[Information provided]
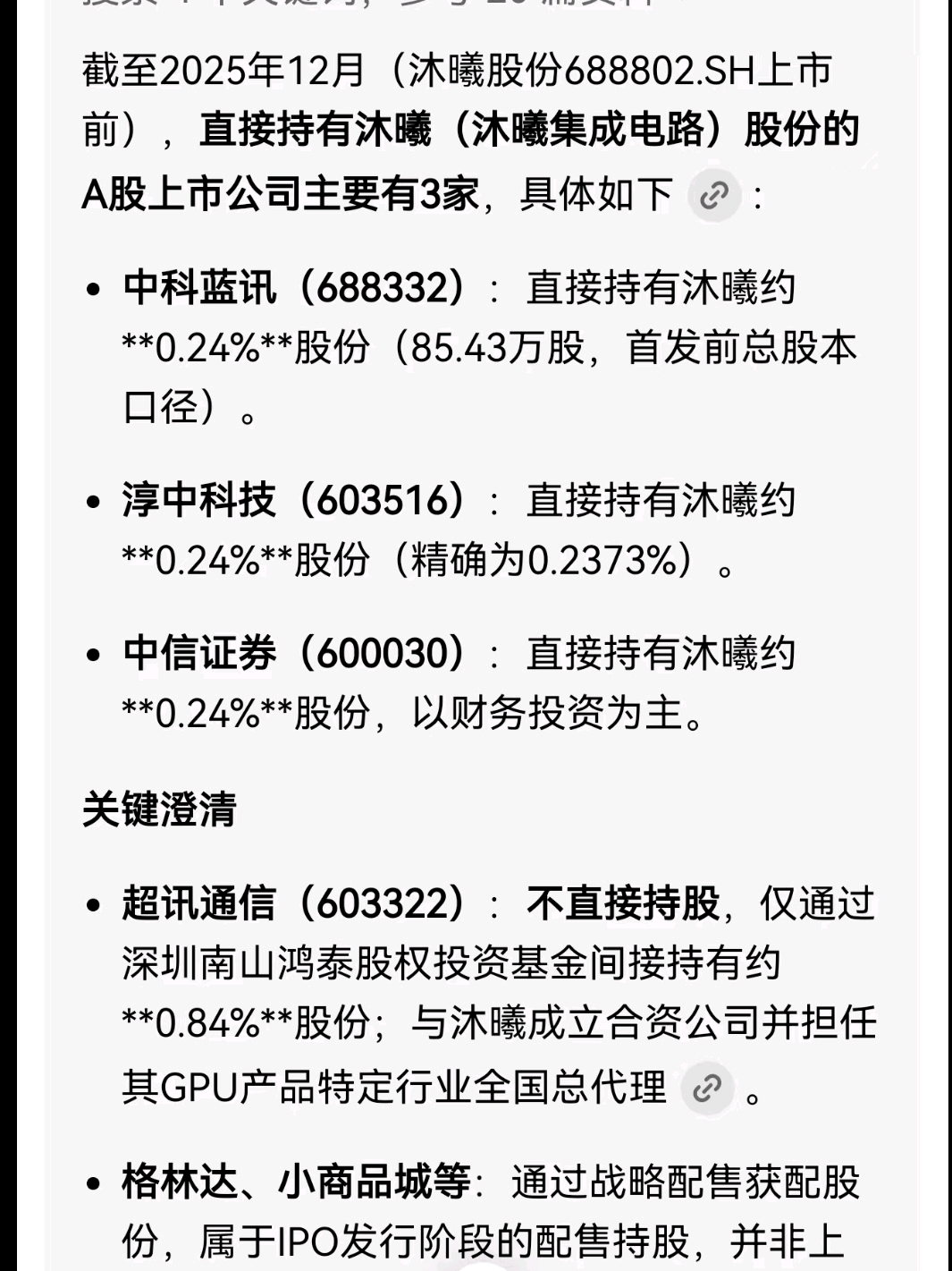 根据沐曦股份2025年10月24日发布的招股说明书,超讯通信直接持有沐曦股份8%的股权。
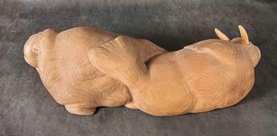 Скульптурное изображение двух моржей, лежащих вплотную друг к другу. Один морж лежит на животе, голова смотрит вперед, ласты поджаты под туловище. Второй - позади первого, лежит на спине, левый передний ласт - на животе, правый вытянут вдоль бока, хвост - на спине первого моржа, бивни торчат вверх. Скульптура сохраняет естественный цвет дерева, фактура гладкая.
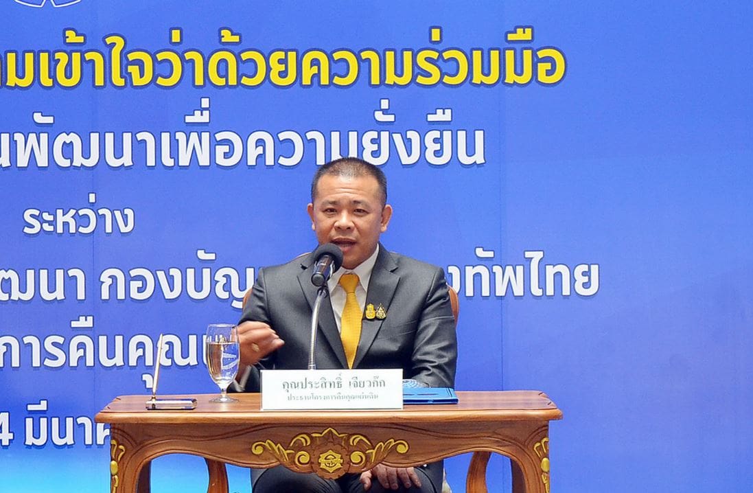 ทั้งนี้ โครงการคืนคุณแผ่นดินปฏิบัติงานมาเข้าปีที่ 10 ตามพระราชดำริของบุคคลสำคัญของประเทศ ต้องการพัฒนาแบบยั่งยืนและถาวรพร้อมกับการพัฒนาเทคโนโลยีและยกระดับของภาคประชาชนอย่างครบถ้วนครบวงจรในแบบองค์รวม จึงร่วมกับหน่วยบัญชาการทหารพัฒนา (นทพ.) จัดตั้งโครงการหมู่บ้านพัฒนาเพื่อความยั่งยืน โดยมีการศึกษาอย่างถ่องแท้เพื่อให้ประชาชนยอมรับอย่างพร้อมใจ พร้อมกับการเข้าไปดำเนินการจริงอย่างจริงใจเพื่อพัฒนาทุกกลุ่มอาชีพให้เกิดประโยชน์และพัฒนาคุณภาพชีวิตของประชาชนให้ดีขึ้นใน 5 มิติ ทั้งด้านเศรษฐกิจ สังคม สุขภาพ ความคิดสร้างสรรค์ และการศึกษา โดยมีโครงการนำร่องหมู่บ้านต้นแบบ ทั่วประเทศอยู่แล้ว จำนวน 10 หมู่บ้าน ได้แก่
[/Information provided]
## What to do:
A word-for-word copy is required of the lines above from the line with "Скульптурное изображение двух" through the last line of the data; no other lines and no pictures belong in it.

## Solution to this exercise:
 Скульптурное изображение двух моржей, лежащих вплотную друг к другу. Один морж лежит на животе, голова смотрит вперед, ласты поджаты под туловище. Второй - позади первого, лежит на спине, левый передний ласт - на животе, правый вытянут вдоль бока, хвост - на спине первого моржа, бивни торчат вверх. Скульптура сохраняет естественный цвет дерева, фактура гладкая.
 ทั้งนี้ โครงการคืนคุณแผ่นดินปฏิบัติงานมาเข้าปีที่ 10 ตามพระราชดำริของบุคคลสำคัญของประเทศ ต้องการพัฒนาแบบยั่งยืนและถาวรพร้อมกับการพัฒนาเทคโนโลยีและยกระดับของภาคประชาชนอย่างครบถ้วนครบวงจรในแบบองค์รวม จึงร่วมกับหน่วยบัญชาการทหารพัฒนา (นทพ.) จัดตั้งโครงการหมู่บ้านพัฒนาเพื่อความยั่งยืน โดยมีการศึกษาอย่างถ่องแท้เพื่อให้ประชาชนยอมรับอย่างพร้อมใจ พร้อมกับการเข้าไปดำเนินการจริงอย่างจริงใจเพื่อพัฒนาทุกกลุ่มอาชีพให้เกิดประโยชน์และพัฒนาคุณภาพชีวิตของประชาชนให้ดีขึ้นใน 5 มิติ ทั้งด้านเศรษฐกิจ สังคม สุขภาพ ความคิดสร้างสรรค์ และการศึกษา โดยมีโครงการนำร่องหมู่บ้านต้นแบบ ทั่วประเทศอยู่แล้ว จำนวน 10 หมู่บ้าน ได้แก่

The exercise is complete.